**Work order**
Could you retype the lines below, starting at the line holding "文传学院专职教师王继风教授,11月9日第" and stopping at the line holding "The purpose of", inclusive? Copy them exactly and drop the images.

**Given data**
———

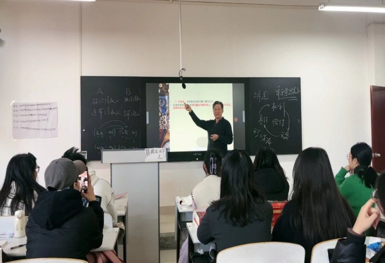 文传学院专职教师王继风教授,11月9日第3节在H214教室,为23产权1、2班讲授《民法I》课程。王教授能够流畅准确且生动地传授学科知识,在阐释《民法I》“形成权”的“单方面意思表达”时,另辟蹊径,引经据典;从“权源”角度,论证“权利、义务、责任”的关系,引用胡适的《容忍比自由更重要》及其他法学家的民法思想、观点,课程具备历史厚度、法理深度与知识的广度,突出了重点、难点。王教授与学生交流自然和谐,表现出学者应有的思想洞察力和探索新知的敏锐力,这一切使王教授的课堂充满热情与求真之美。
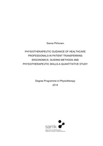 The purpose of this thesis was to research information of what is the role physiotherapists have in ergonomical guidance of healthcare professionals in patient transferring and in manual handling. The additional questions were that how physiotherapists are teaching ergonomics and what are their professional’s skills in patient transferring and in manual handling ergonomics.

———

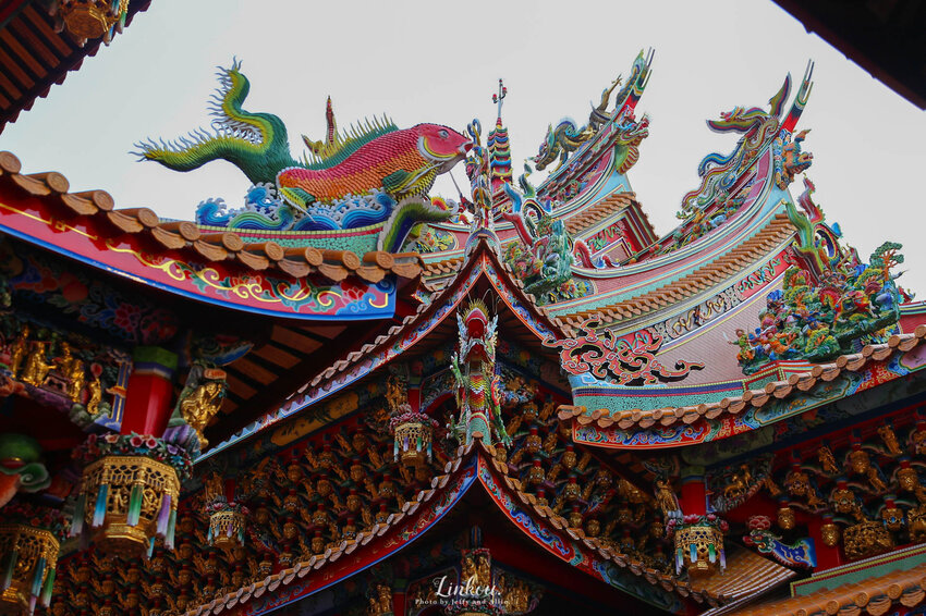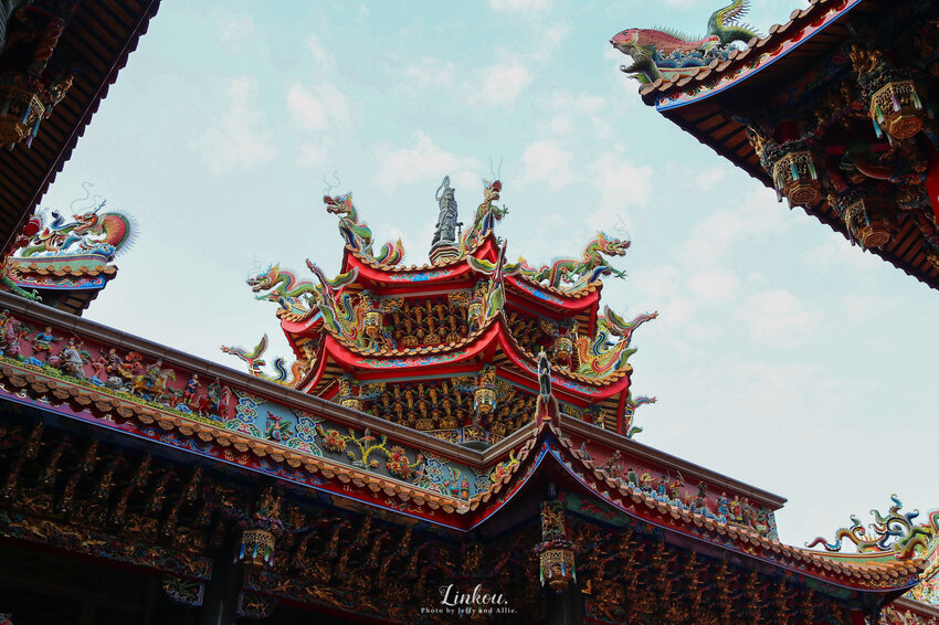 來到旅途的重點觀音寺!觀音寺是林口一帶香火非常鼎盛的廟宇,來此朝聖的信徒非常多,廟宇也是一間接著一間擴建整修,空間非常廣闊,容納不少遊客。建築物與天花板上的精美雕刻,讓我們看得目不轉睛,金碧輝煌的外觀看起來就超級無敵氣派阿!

———

**Task result**
 文传学院专职教师王继风教授,11月9日第3节在H214教室,为23产权1、2班讲授《民法I》课程。王教授能够流畅准确且生动地传授学科知识,在阐释《民法I》“形成权”的“单方面意思表达”时,另辟蹊径,引经据典;从“权源”角度,论证“权利、义务、责任”的关系,引用胡适的《容忍比自由更重要》及其他法学家的民法思想、观点,课程具备历史厚度、法理深度与知识的广度,突出了重点、难点。王教授与学生交流自然和谐,表现出学者应有的思想洞察力和探索新知的敏锐力,这一切使王教授的课堂充满热情与求真之美。
 The purpose of this thesis was to research information of what is the role physiotherapists have in ergonomical guidance of healthcare professionals in patient transferring and in manual handling. The additional questions were that how physiotherapists are teaching ergonomics and what are their professional’s skills in patient transferring and in manual handling ergonomics.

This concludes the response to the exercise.